## DATA Step, Macro, Functions and more

Solved
Occasional Contributor
Posts: 8

Hi, I'm working with longitudinal data on patients that may have two types of infections (X & Y). I want to create a new variable for patients that have any "Infection Y" at any time after an "Infection X" event. The interval variable is in months. I have tried a lot of different things, but can't seem to get any to work. Please, if you have any advice, please let me know as I am very frustrated :-) Thank you!

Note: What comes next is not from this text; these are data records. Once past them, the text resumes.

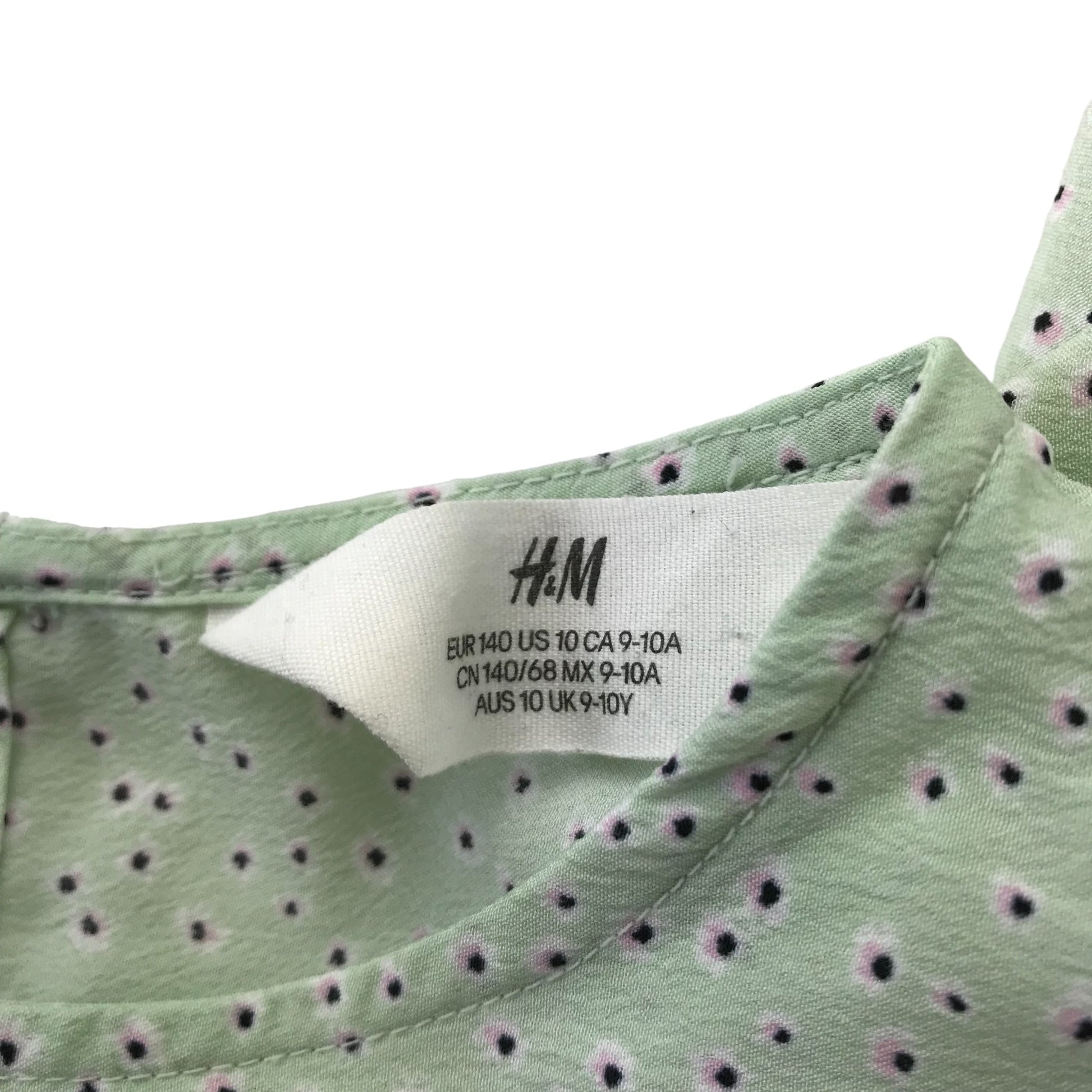 H&M dress 9-10 years light green midi length floral short sleeve layered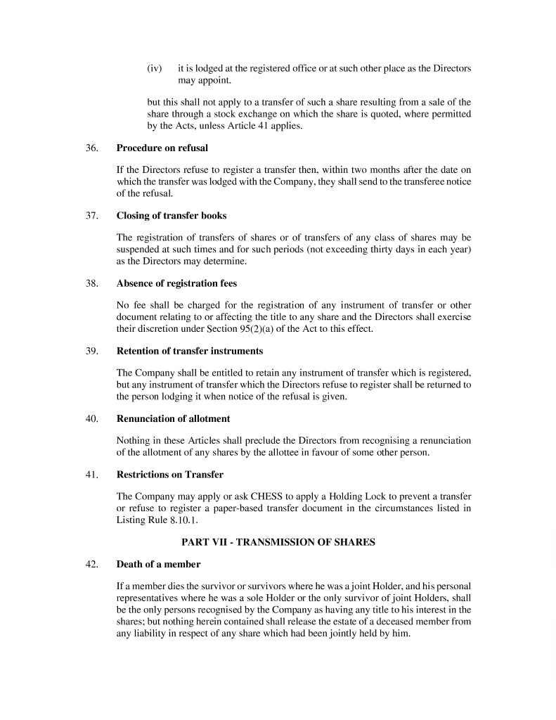 (iv) it is lodged at the registered office or at such other place as the Directors may appoint. but this shall not apply to a transfer of such a share resulting from a sale of the share through a stock exchange on which the share is quoted, where permitted by the Acts, unless Article 41 applies. 36. Procedure on refusal If the Directors refuse to register a transfer then, within two months after the date on which the transfer was lodged with the Company, they shall send to the transferee notice of the refusal. 37. Closing of transfer books The registration of transfers of shares or of transfers of any class of shares may be suspended at such times and for such periods (not exceeding thirty days in each year) as the Directors may determine. 38. Absence of registration fees No fee shall be charged for the registration of any instrument of transfer or other document relating to or affecting the title to any share and the Directors shall exercise their discretion under Section 95(2)(a) of the Act to this effect. 39. Retention of transfer instruments The Company shall be entitled to retain any instrument of transfer which is registered, but any instrument of transfer which the Directors refuse to register shall be returned to the person lodging it when notice of the refusal is given. 40. Renunciation of allotment Nothing in these Articles shall preclude the Directors from recognising a renunciation of the allotment of any shares by the allottee in favour of some other person. 41. Restrictions on Transfer The Company may apply or ask CHESS to apply a Holding Lock to prevent a transfer or refuse to register a paper-based transfer document in the circumstances listed in Listing Rule 8.10.1. PART VII - TRANSMISSION OF SHARES 42. Death of a member If a member dies the survivor or survivors where he was a joint Holder, and his personal representatives where he was a sole Holder or the only survivor of joint Holders, shall be the only persons recognised by the Company as having any title to his interest in the shares; but nothing herein contained shall release the estate of a deceased member from any liability in respect of any share which had been jointly held by him.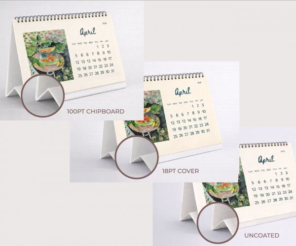 Each desk calendar is designed with a stable pop-up base, available in 18PT coated stock, 160# uncoated stock, or a rigid white board. These options ensure that your calendar remains sturdy, stylish, and durable, even in high-traffic environments like office desks and customer counters.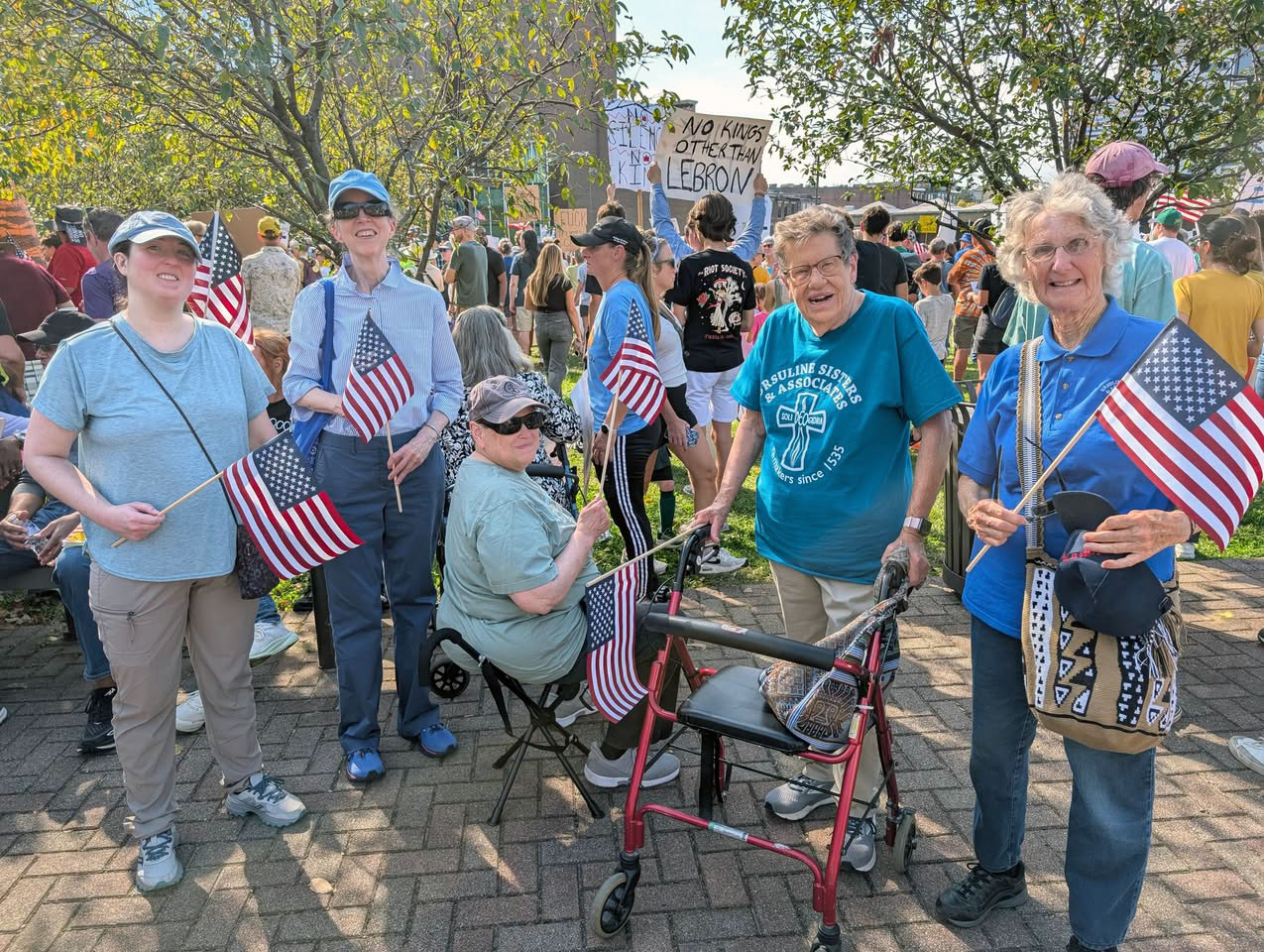 Several of our Ursulines participated in the October 18 “No Kings” March in downtown Louisville, and neighboring St. Matthews. The march drew thousands in Louisville. We wanted to show support for the marginalized and all those suffering under the current administration.

Here is what my dataset looks like:

ID    INTERVAL   INFECT_X   INFECT_Y

1     1.1               1                  0

1     1.4               0                  0

1     1.5               0                  1

2     2.4               0                  1

2     2.6               1                  0

3     1.6               0                  1

3     1.9               1                  0

3     2.0               0                  1

4     2.2               0                  0

4     2.4               0                  0

Here is what I want it to look like:

ID    INTERVAL   INFECT_X   INFECT_Y   NEWVAR

1     1.1               1                  0                 1

1     1.4               0                  0                 1

1     1.5               0                  1                 1

2     2.4               0                  1                 0

2     2.6               1                  0                 0

3     1.6               0                  1                 1

3     1.9               1                  0                 1

3     2.0               0                  1                 1

4     2.2               0                  0                 0

4     2.4               0                  0                 0

Also, note that an Infect_Y can occur before the Infect_X (ID #3), as long as another infect_Y occurs again after infect_X, it counts. Also, the infections are not always consecutive, there can be a long time between them. I appreciate any advice, thanks!

Accepted Solutions
Solution
‎08-14-2017 09:58 PM
Super User
Posts: 8,220

@KurtBremser's code will run better if you change the line:

;

end;

Alternatively, you can produce the same result using a DOW loop:

data want (drop=inx);
do until (last.ID);
set have;
by id;
if infect_x then inx=1;
else if inx*infect_y then newvar=1;
end;
do until (last.ID);
set have;
by id;
if newvar ne 1 then newvar=0;
output;
end;
run;

Art, CEO, AnalystFinder.com

All Replies
Super User
Posts: 10,623

One method with an intermediate table:

data int (keep=id newvar);
set have;
by id;
retain newvar inf_x;
if first.id
then do;
newvar = 0;
inf_x = 0;
;
if infect_x then inf_x = 1;
if inf_x and infect_y then newvar = 1;
if last.id then output;
run;

data want;
merge
have
int
;
by id;
run;

Untested. For tested code, provide your example data in a data step with datalines for easy recreation.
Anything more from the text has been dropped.